S’agissant du Journal d’Alix Cléo Roubaud, le lecteur doit en effet composer une médiation intime, lier dans sa découverte du livre texte et image et habiter l’espace qu’ils dessinent ensemble. Si dans les exemples précédemment cités le lien entre le texte et l’image apparaît assez vite, il s’avère parfois plus subtil. L’entrée du Journal datée du 7 octobre 1980, commence avec une image de la série Correction de perspective dans ma chambre suivie d’une réflexion théorique à la disposition poétique :

278 Léo H. HOECK et Kees MEERHOFF, Rhétorique et image, Rodopi, Amsterdam, 1995, p. 66. 279 Philippe ORTEL, « Trois dispositifs photo-littéraires. L’exemple symboliste », art. cit., p. 19.

La photographie multiplie/annule

l’individualité des affirmations du désir

La non-répétitivité de l’absolument indifférencié280

L’image qui précède ces lignes est un autoportrait réalisé dans son appartement de la rue Vieille-du-Temple. Alix Cléo Roubaud se photographie nue sur une chaise en bois ; une lumière crue frappe l’image par sa droite et allonge les ombres portées de la jeune femme et du meuble. En jouant sur les temps de pose, elle se dote d’un corps translucide, fantomatique, qui laisse apparaître la structure de l’assise.

Fig. 8 : Sans titre, série Correction de perspective dans ma chambre, Paris, 1980, tirage argentique obtenu par surimpression, 17,7 x 24 cm, collection particulière.

Quel est le rapport de cet autoportrait aux phrases qui l’accompagnent ? La nudité d’Alix Cléo Roubaud suffit-elle à illustrer les « affirmations du désir » ? Une telle lecture semble bien insuffisante car Alix Cléo Roubaud déploie dans son texte une pensée théorique sur la photographie et sur le rapport de celle-ci à

l’imaginaire amoureux. L’énoncé est complexe. La barre oblique qui lie les deux premiers verbes (« multiplie/annule ») signale-t-elle des termes alternatifs (« multiplie ou annule »), une causalité (« multiplie donc annule »), une coordination (« multiplie et annule ») ? Le caractère unique, singulier du désir, se voit-il dissout dans l’objet photographique qui, par essence, a le pouvoir de reproduire à merci la même image à partir de la matrice du négatif ? L’accumulation des tirages, la multiplication de l’image, est-elle un rempart contre la destruction du sentiment qu’elle enferme ou un accélérateur de sa dissolution ? Sur ces questions, Alix Cléo Roubaud a tranché ; multiplier annule et nous verrons dans la suite de notre recherche que la destruction systématique de ses négatifs est un moyen de garder intact le moment que la photographie enclot.
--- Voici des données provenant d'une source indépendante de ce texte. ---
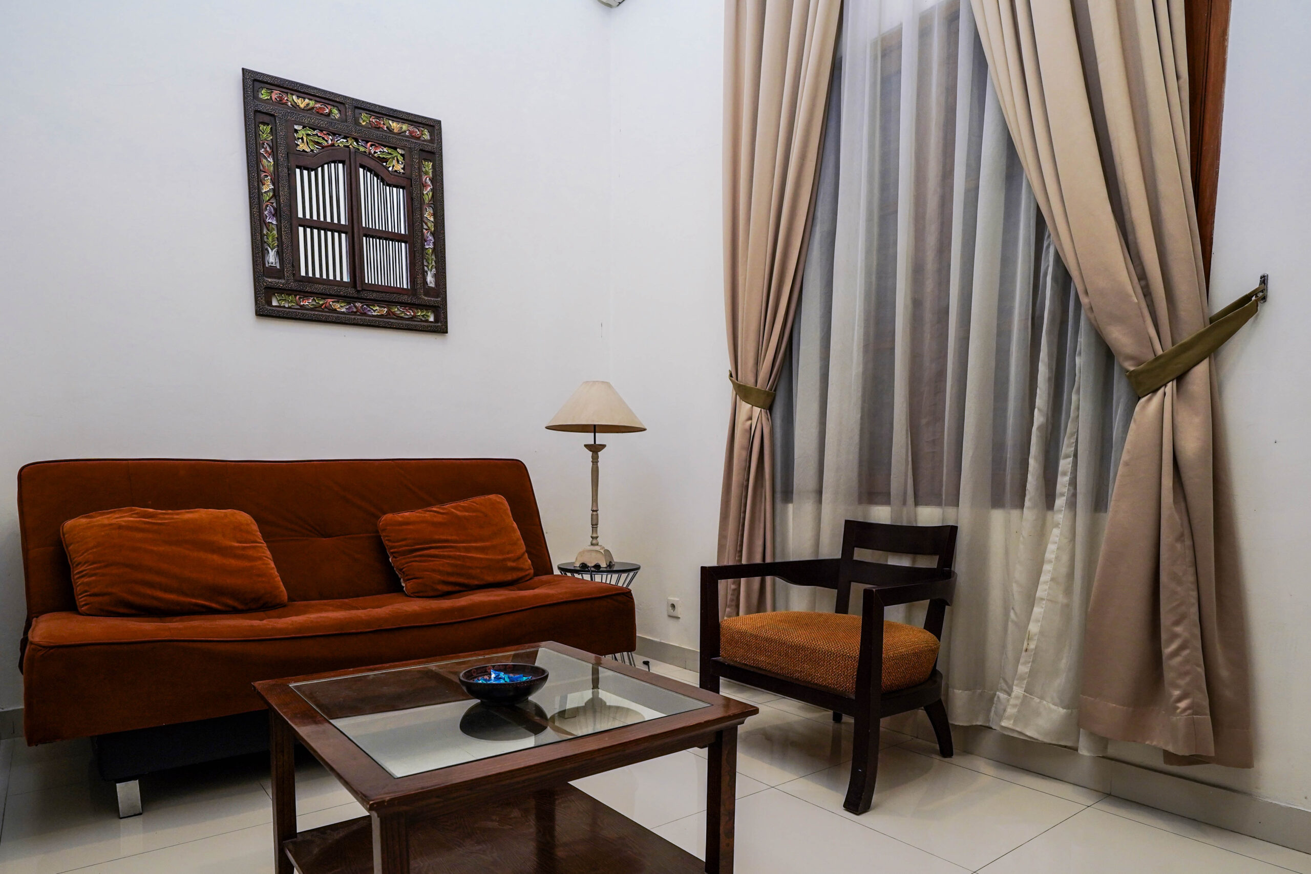 Kamar dengan kelengkapan fasilitas berupa tempat tidur Queen size, AC, kamar mandi dengan shower air panas dan air dingin, TV, lemari pakaian dan sofa.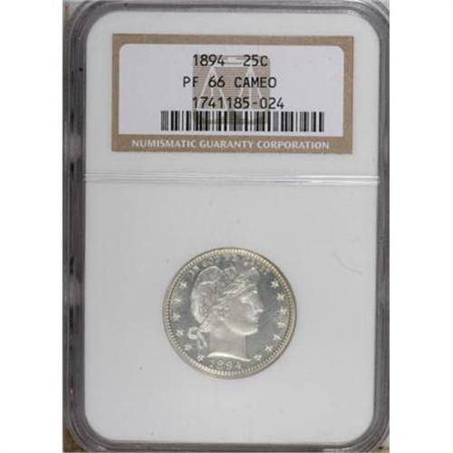 <B>1894 25C PR66 Cameo NGC.</B></I> This 1894 quarter reveals no discernible toning save for a glint of gold on the rims of both sides. Thick mint frost occurs on the devices that yield strong contrast with mirrored fields. Crisp definition is noted on the design elements, and there are no marks worthy of individual mention. From a proof mintage of 972 pieces. Census: 11 in 66 Cameo, 9 finer (6/07).<BR><BR><b>Shipping:</b> Coins & Currency (<a target="_blank" href="http://www.heritageauctions.com/common/shipping.php">view shipping information</a>\)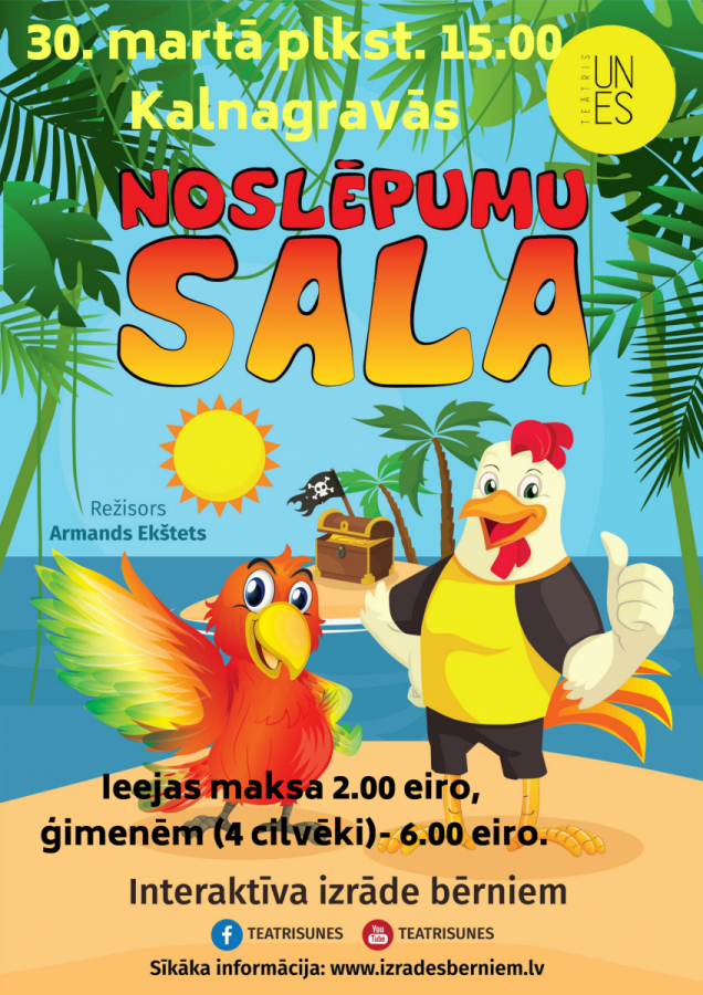 Vai esi gatavs neparastam piedzīvojumam ar dažnedažādiem interesantiem pavērsieniem, aizraujošām darbībām un mīklu minēšanu? Tad šī izrāde ir paredzēta tieši Tev! Noslēpumu sala nav parasta izrāde. Tajā Tu atklāsi dažādus noslēpumus un var gadīties, ka Tu kopā ar izrādes varoņiem nomaldīsies, taču drīz vien sekojot slepenām norādēm nokļūsi uz pareizā ceļa un atradīsi pirātu noslēptos dārgumus!

Cet autoportrait est profondément bouleversé par le texte qui le poursuit. Plus que dans sa dimension indicielle ou iconique, c’est-à-dire de contiguïté ou de ressemblance avec le réel, la photographie est abordée par le lecteur dans son rapport avec une idée. Cette image met en jeu le rapport entre la photographie et le désir. En cela, nous pouvons confirmer les propos de Philippe Ortel, qui juge que la coexistence du texte et de la photographie permet à l’image d’être lue « comme une image, mais aussi sur le modèle des signes linguistiques, en les rapportant par convention, et non par simple ressemblance à leur objet281 », c’est-à-dire de tirer la photographie vers l’abstraction, d’amener le signe photographique vers le signe langagier, et conceptuel.